[YOUR ASSIGNMENT] Pictures aside, please retype the whole listing word for word.

[INFORMATION SUPPLIED]

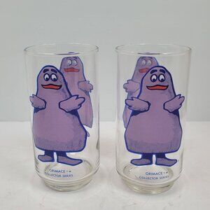 These Grimace Collector Series tumblers feature the iconic McDonald's character in vibrant purple. The glasses are suitable for fans of vintage memorabilia or fast-food enthusiasts. They add a touch of nostalgia and fun to any collection or display.
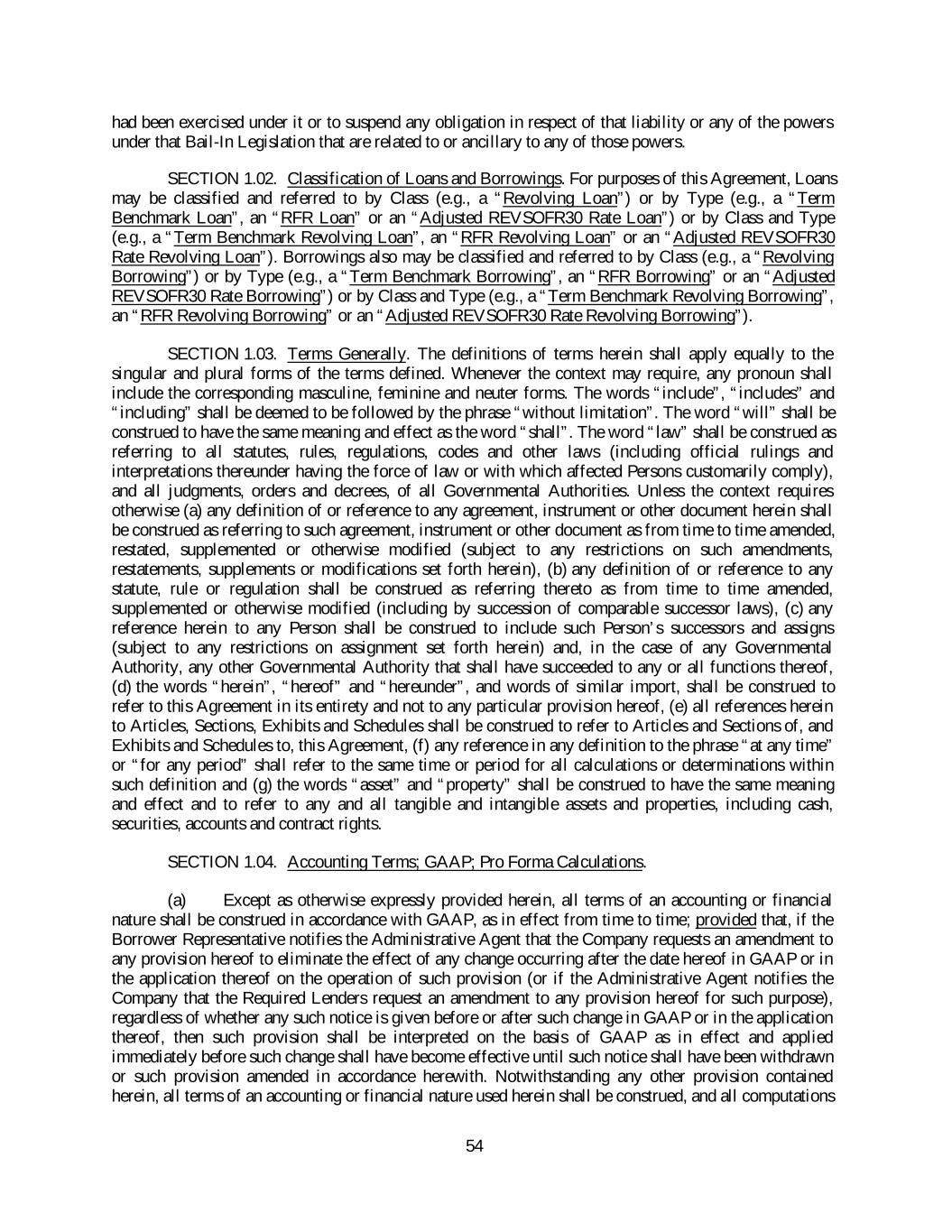 had been exercised under it or to suspend any obligation in respect of that liability or any of the powers under that Bail-In Legislation that are related to or ancillary to any of those powers. SECTION 1.02. Classification of Loans and Borrowings. For purposes of this Agreement, Loans may be classified and referred to by Class (e.g., a “Revolving Loan”) or by Type (e.g., a “Term Benchmark Loan”, an “RFR Loan” or an “Adjusted REVSOFR30 Rate Loan”) or by Class and Type (e.g., a “Term Benchmark Revolving Loan”, an “RFR Revolving Loan” or an “Adjusted REVSOFR30 Rate Revolving Loan”). Borrowings also may be classified and referred to by Class (e.g., a “Revolving Borrowing”) or by Type (e.g., a “Term Benchmark Borrowing”, an “RFR Borrowing” or an “Adjusted REVSOFR30 Rate Borrowing”) or by Class and Type (e.g., a “Term Benchmark Revolving Borrowing”, an “RFR Revolving Borrowing” or an “Adjusted REVSOFR30 Rate Revolving Borrowing”). SECTION 1.03. Terms Generally. The definitions of terms herein shall apply equally to the singular and plural forms of the terms defined. Whenever the context may require, any pronoun shall include the corresponding masculine, feminine and neuter forms. The words “include”, “includes” and “including” shall be deemed to be followed by the phrase “without limitation”. The word “will” shall be construed to have the same meaning and effect as the word “shall”. The word “law” shall be construed as referring to all statutes, rules, regulations, codes and other laws (including official rulings and interpretations thereunder having the force of law or with which affected Persons customarily comply), and all judgments, orders and decrees, of all Governmental Authorities. Unless the context requires otherwise (a) any definition of or reference to any agreement, instrument or other document herein shall be construed as referring to such agreement, instrument or other document as from time to time amended, restated, supplemented or otherwise modified (subject to any restrictions on such amendments, restatements, supplements or modifications set forth herein), (b) any definition of or reference to any statute, rule or regulation shall be construed as referring thereto as from time to time amended, supplemented or otherwise modified (including by succession of comparable successor laws), (c) any reference herein to any Person shall be construed to include such Person’s successors and assigns (subject to any restrictions on assignment set forth herein) and, in the case of any Governmental Authority, any other Governmental Authority that shall have succeeded to any or all functions thereof, (d) the words “herein”, “hereof” and “hereunder”, and words of similar import, shall be construed to refer to this Agreement in its entirety and not to any particular provision hereof, (e) all references herein to Articles, Sections, Exhibits and Schedules shall be construed to refer to Articles and Sections of, and Exhibits and Schedules to, this Agreement, (f) any reference in any definition to the phrase “at any time” or “for any period” shall refer to the same time or period for all calculations or determinations within such definition and (g) the words “asset” and “property” shall be construed to have the same meaning and effect and to refer to any and all tangible and intangible assets and properties, including cash, securities, accounts and contract rights. SECTION 1.04. Accounting Terms; GAAP; Pro Forma Calculations. (a) Except as otherwise expressly provided herein, all terms of an accounting or financial nature shall be construed in accordance with GAAP, as in effect from time to time; provided that, if the Borrower Representative notifies the Administrative Agent that the Company requests an amendment to any provision hereof to eliminate the effect of any change occurring after the date hereof in GAAP or in the application thereof on the operation of such provision (or if the Administrative Agent notifies the Company that the Required Lenders request an amendment to any provision hereof for such purpose), regardless of whether any such notice is given before or after such change in GAAP or in the application thereof, then such provision shall be interpreted on the basis of GAAP as in effect and applied immediately before such change shall have become effective until such notice shall have been withdrawn or such provision amended in accordance herewith. Notwithstanding any other provision contained herein, all terms of an accounting or financial nature used herein shall be construed, and all computations 54
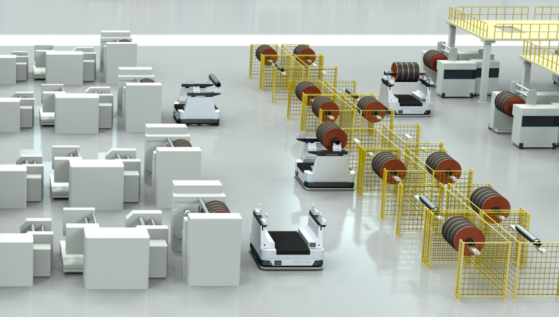 國內(nèi)某鋰電池制造龍頭企業(yè)在前工序車間引入30臺極智嘉雙舉升機器人,實現(xiàn)涂布、輥壓、模切等工序3噸重物料的自動搬運。
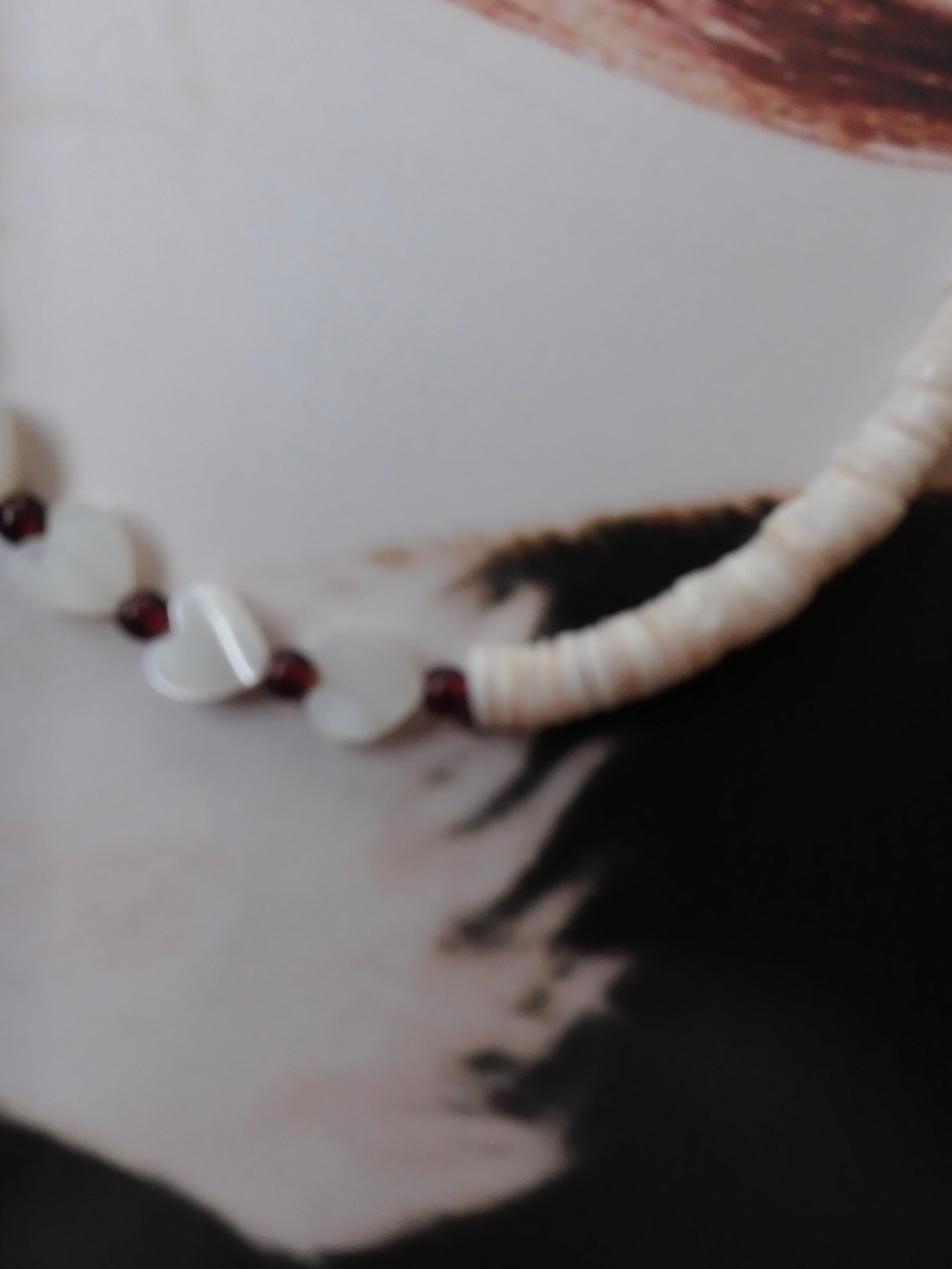 ハートの間にはワインレッドのチェコガラスビーズを組み合わせた、甘すぎない可愛さのネックレスです
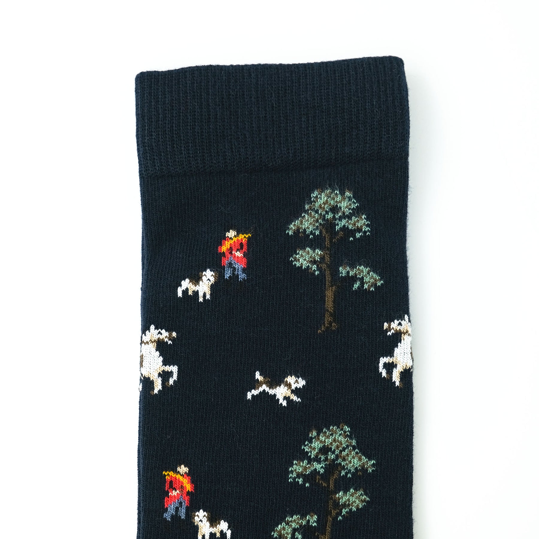 早朝の散歩をテーマにした、クルー丈ソックス。
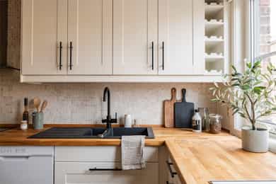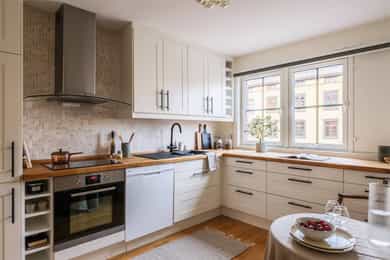 Kjøkken 4. etasje: Kjøkkeninnredning fra 2010 ifølge tidligere salgsoppgave, med profilerte fronter og heltre benkeplate. Kjøkkenet er utstyrt med skyllekum i plast og kullfilterventilator. Hvitevarer som stekeovn, platetopp og kjøleskap med fryser er integrert i innredningen. Vedr. hvitevarer se pkt. "løsøre og tilbehør" i salgsoppgaven. Bad 4. etasje: Flislagt baderom med varmekabler i gulv. Rommet ble pusset opp i 2010 ifølge tidligere salgsoppgave. Badet har slette overflater i himling. Det er utstyrt med skap med glatte fronter, klosett, dusj med dører i herdet glass og servant. Servanten har krakelering i overflaten. Det er opplegg for oppvaskmaskin. Badet har mekanisk avtrekk og tilluft via luftespalte under dør. Innvendige overflater: Gulv: Fliser og parkett. Vegger: Sparklet/pussede og malte overflater. Himling: Sparklet/pussede og malte overflater. Himlingshøyden er målt til ca. 2,40 meter i oppholdsrom, ca. 2,20 meter på bad og ca. 2,27 meter i gang. Tekniske installasjoner: - Vannledninger: Innvendige vannrør er i kobber av eldre dato. Hovedstoppekran er lokalisert under kjøkkenvasken. - Avløpsrør: Synlige avløpsrør er i plast. - Ventilasjon: Ventilasjonen består av mekanisk avtrekk på bad og kullfilterventilator på kjøkken. Tilluft via ventiler i vinduer og yttervegger, samt luftespalte under dør til bad. - Varmtvannstank: Det er montert en benkebereder av ukjent alder i kjøkkeninnredningen. - Elektrisk anlegg: Anlegget har sikringer av typen jordfeilautomater. Alder på anlegget er ukjent, og det foreligger ikke samsvarserklæring på arbeid utført etter 1999. - Branntekniske forhold: Boligen har brannslukningsutstyr og røykvarsler.

[SOLUTION FOR THIS TASK]
 These Grimace Collector Series tumblers feature the iconic McDonald's character in vibrant purple. The glasses are suitable for fans of vintage memorabilia or fast-food enthusiasts. They add a touch of nostalgia and fun to any collection or display.
 had been exercised under it or to suspend any obligation in respect of that liability or any of the powers under that Bail-In Legislation that are related to or ancillary to any of those powers. SECTION 1.02. Classification of Loans and Borrowings. For purposes of this Agreement, Loans may be classified and referred to by Class (e.g., a “Revolving Loan”) or by Type (e.g., a “Term Benchmark Loan”, an “RFR Loan” or an “Adjusted REVSOFR30 Rate Loan”) or by Class and Type (e.g., a “Term Benchmark Revolving Loan”, an “RFR Revolving Loan” or an “Adjusted REVSOFR30 Rate Revolving Loan”). Borrowings also may be classified and referred to by Class (e.g., a “Revolving Borrowing”) or by Type (e.g., a “Term Benchmark Borrowing”, an “RFR Borrowing” or an “Adjusted REVSOFR30 Rate Borrowing”) or by Class and Type (e.g., a “Term Benchmark Revolving Borrowing”, an “RFR Revolving Borrowing” or an “Adjusted REVSOFR30 Rate Revolving Borrowing”). SECTION 1.03. Terms Generally. The definitions of terms herein shall apply equally to the singular and plural forms of the terms defined. Whenever the context may require, any pronoun shall include the corresponding masculine, feminine and neuter forms. The words “include”, “includes” and “including” shall be deemed to be followed by the phrase “without limitation”. The word “will” shall be construed to have the same meaning and effect as the word “shall”. The word “law” shall be construed as referring to all statutes, rules, regulations, codes and other laws (including official rulings and interpretations thereunder having the force of law or with which affected Persons customarily comply), and all judgments, orders and decrees, of all Governmental Authorities. Unless the context requires otherwise (a) any definition of or reference to any agreement, instrument or other document herein shall be construed as referring to such agreement, instrument or other document as from time to time amended, restated, supplemented or otherwise modified (subject to any restrictions on such amendments, restatements, supplements or modifications set forth herein), (b) any definition of or reference to any statute, rule or regulation shall be construed as referring thereto as from time to time amended, supplemented or otherwise modified (including by succession of comparable successor laws), (c) any reference herein to any Person shall be construed to include such Person’s successors and assigns (subject to any restrictions on assignment set forth herein) and, in the case of any Governmental Authority, any other Governmental Authority that shall have succeeded to any or all functions thereof, (d) the words “herein”, “hereof” and “hereunder”, and words of similar import, shall be construed to refer to this Agreement in its entirety and not to any particular provision hereof, (e) all references herein to Articles, Sections, Exhibits and Schedules shall be construed to refer to Articles and Sections of, and Exhibits and Schedules to, this Agreement, (f) any reference in any definition to the phrase “at any time” or “for any period” shall refer to the same time or period for all calculations or determinations within such definition and (g) the words “asset” and “property” shall be construed to have the same meaning and effect and to refer to any and all tangible and intangible assets and properties, including cash, securities, accounts and contract rights. SECTION 1.04. Accounting Terms; GAAP; Pro Forma Calculations. (a) Except as otherwise expressly provided herein, all terms of an accounting or financial nature shall be construed in accordance with GAAP, as in effect from time to time; provided that, if the Borrower Representative notifies the Administrative Agent that the Company requests an amendment to any provision hereof to eliminate the effect of any change occurring after the date hereof in GAAP or in the application thereof on the operation of such provision (or if the Administrative Agent notifies the Company that the Required Lenders request an amendment to any provision hereof for such purpose), regardless of whether any such notice is given before or after such change in GAAP or in the application thereof, then such provision shall be interpreted on the basis of GAAP as in effect and applied immediately before such change shall have become effective until such notice shall have been withdrawn or such provision amended in accordance herewith. Notwithstanding any other provision contained herein, all terms of an accounting or financial nature used herein shall be construed, and all computations 54
 國內(nèi)某鋰電池制造龍頭企業(yè)在前工序車間引入30臺極智嘉雙舉升機器人,實現(xiàn)涂布、輥壓、模切等工序3噸重物料的自動搬運。
 ハートの間にはワインレッドのチェコガラスビーズを組み合わせた、甘すぎない可愛さのネックレスです
 早朝の散歩をテーマにした、クルー丈ソックス。
 Kjøkken 4. etasje: Kjøkkeninnredning fra 2010 ifølge tidligere salgsoppgave, med profilerte fronter og heltre benkeplate. Kjøkkenet er utstyrt med skyllekum i plast og kullfilterventilator. Hvitevarer som stekeovn, platetopp og kjøleskap med fryser er integrert i innredningen. Vedr. hvitevarer se pkt. "løsøre og tilbehør" i salgsoppgaven. Bad 4. etasje: Flislagt baderom med varmekabler i gulv. Rommet ble pusset opp i 2010 ifølge tidligere salgsoppgave. Badet har slette overflater i himling. Det er utstyrt med skap med glatte fronter, klosett, dusj med dører i herdet glass og servant. Servanten har krakelering i overflaten. Det er opplegg for oppvaskmaskin. Badet har mekanisk avtrekk og tilluft via luftespalte under dør. Innvendige overflater: Gulv: Fliser og parkett. Vegger: Sparklet/pussede og malte overflater. Himling: Sparklet/pussede og malte overflater. Himlingshøyden er målt til ca. 2,40 meter i oppholdsrom, ca. 2,20 meter på bad og ca. 2,27 meter i gang. Tekniske installasjoner: - Vannledninger: Innvendige vannrør er i kobber av eldre dato. Hovedstoppekran er lokalisert under kjøkkenvasken. - Avløpsrør: Synlige avløpsrør er i plast. - Ventilasjon: Ventilasjonen består av mekanisk avtrekk på bad og kullfilterventilator på kjøkken. Tilluft via ventiler i vinduer og yttervegger, samt luftespalte under dør til bad. - Varmtvannstank: Det er montert en benkebereder av ukjent alder i kjøkkeninnredningen. - Elektrisk anlegg: Anlegget har sikringer av typen jordfeilautomater. Alder på anlegget er ukjent, og det foreligger ikke samsvarserklæring på arbeid utført etter 1999. - Branntekniske forhold: Boligen har brannslukningsutstyr og røykvarsler.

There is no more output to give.